L’utilisation du charbon liquéfié avait été aussi proscrite car les sols et surtout les océans qui séquestraient le carbone depuis toujours, ne jouaient plus leur rôle, renforçant ainsi très brutalement l’effet de serre anthropique et les dérèglements du climat. La semaine dernière, Léa avait appris par une amie que le thermomètre était monté jusqu’à 45°C à Caen. Léa confectionne dorénavant un repas 100 % local, ce qui réduit considérablement la variété des mets possibles. Elle se souvient comme d’un rêve des papayes que ses parents lui achetaient à la fin du XXe siècle, sans se soucier du fait qu’il avait fallu dépenser pour cela plusieurs litres de pétrole.
La Biosphère espère que tout cela vous empêchera de dormir.

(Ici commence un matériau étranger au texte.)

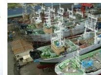
沖合底引き船 上架修繕工事
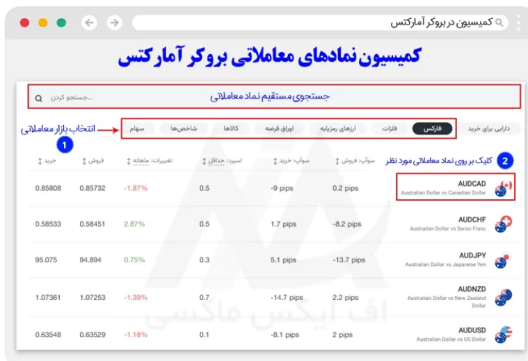
نحوه مشاهده کمیسیون آمارکتس

در این بخش کاربران می توانند به صورت مستقیم در بخش جستجو، نماد مورد نظر را سرچ کرده و یا، با انتخاب بازار معاملاتی، دارایی مورد نظر در آن بازار را انتخاب کرده و بر روی آن کلیک نمایند.
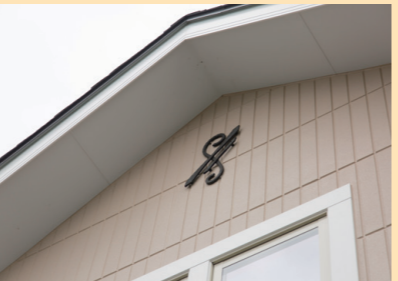
個性を演出する妻飾りは長男の名前にちなんだモチーフを選択。親子の絆がうかがえるエピソード
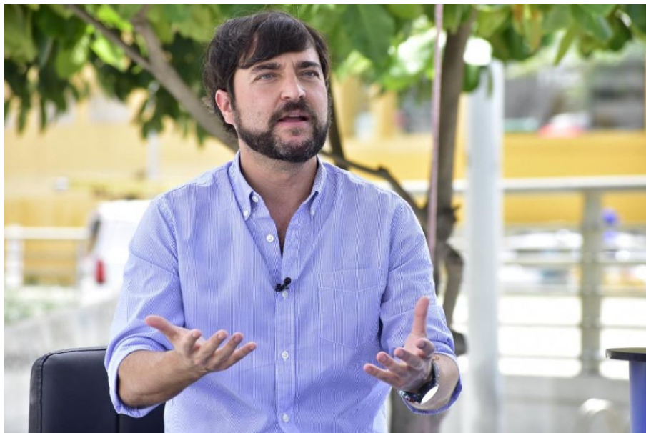
Aquí nuestro Burgomaestre respondiendo a las preguntas de VM Caribe.

Agradecimientos por la ejecución de esta entrevista a:
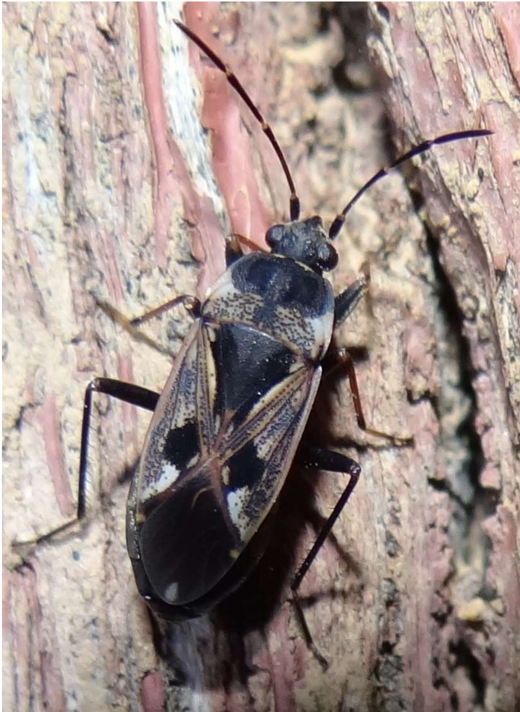
Rhyparochromus vulgaris – Lygaeidae (lieu : Maison de Kuenheim – 02.11.2014)
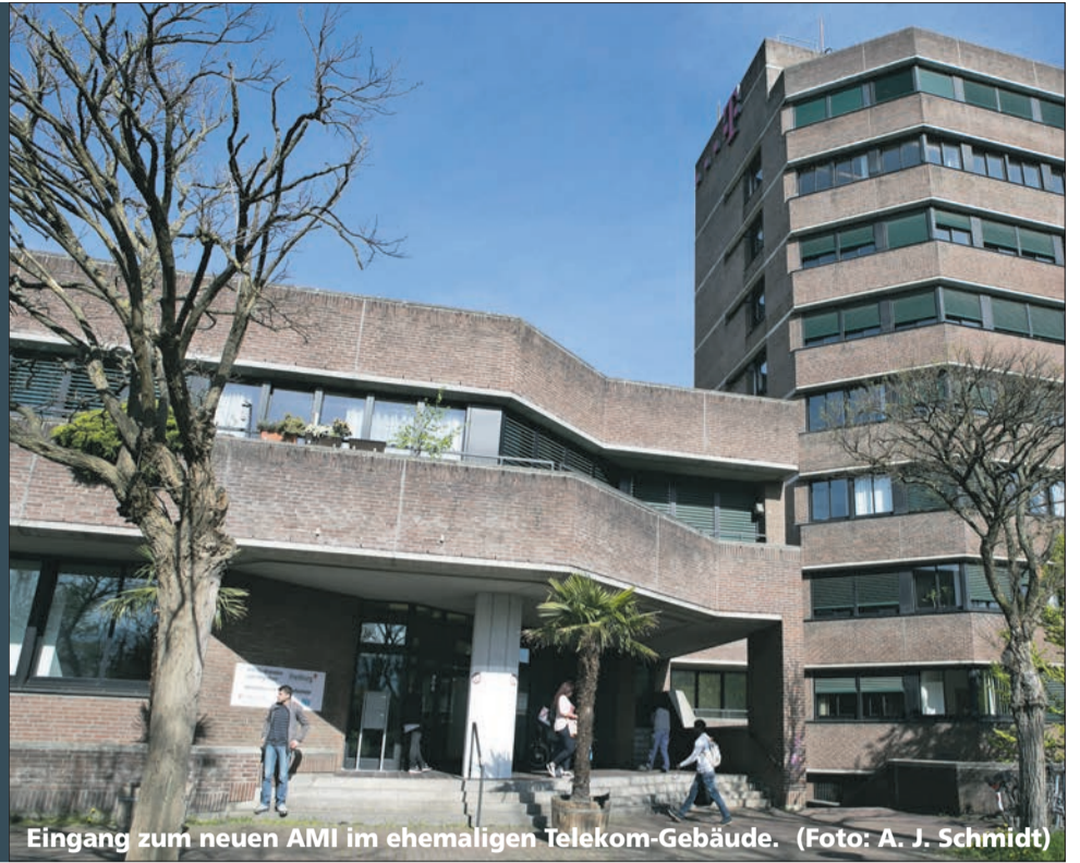
Eingang zum neuen AMI im ehemaligen Telekom-Gebäude.
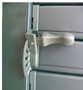
lamelle orientabili con sistema di movimentazione in tinta e cloche in tinta di serie

Maggiore durata: alluminio verniciato contro selle in plastica Cura dei Particolari: il sistema di fissaggio delle lamelle è dello stesso materiale e dello stesso colore di tutta la persiana.

2/2) inertie ou résistance ?
Nous nourrissons de grandes illusions quant à la résistance de nos sociétés. En effet, la sophistication des technologies modernes a deux conséquences : une intensification de la division sociale du travail ; des infrastructures et des équipements de plus en plus nombreux et coûteux. L’une comme l’autre ont accru la vulnérabilité de nos sociétés. Au XIVe siècle, la peste noire avait emporté un Européen sur deux sans entraîner un effondrement total. Les trois quarts de la population se composaient en effet de paysans qui, pour la plupart, se nourrissaient eux-mêmes. Qui en revanche nous nourrirait si la moitié des quelques centaines de milliers d’agriculteurs qui nous alimentent venaient à disparaître ? Quelle entreprise résisterait à la disparition d’un salarié sur deux ? Quelle société contemporaine pourrait faire face aux coûts financiers induits par des ouragans, des sécheresses et des inondations extrêmes à répétition ?
Deux caractéristiques du changement en cours rendent plus difficiles notre perception du phénomène et notre aptitude à agir : l’inertie et l’irréversibilité. L’inertie renvoie au temps long de réponse de la biosphère aux dégradations que nous lui infligeons. Une fois que nous aurons réchauffé les océans, ce réchauffement perdurera durant des millénaires, et nous n’aurons aucun moyen de les refroidir ; c’est l’irréversibilité. (p.22)
La Biosphère espère que vous allez réagir.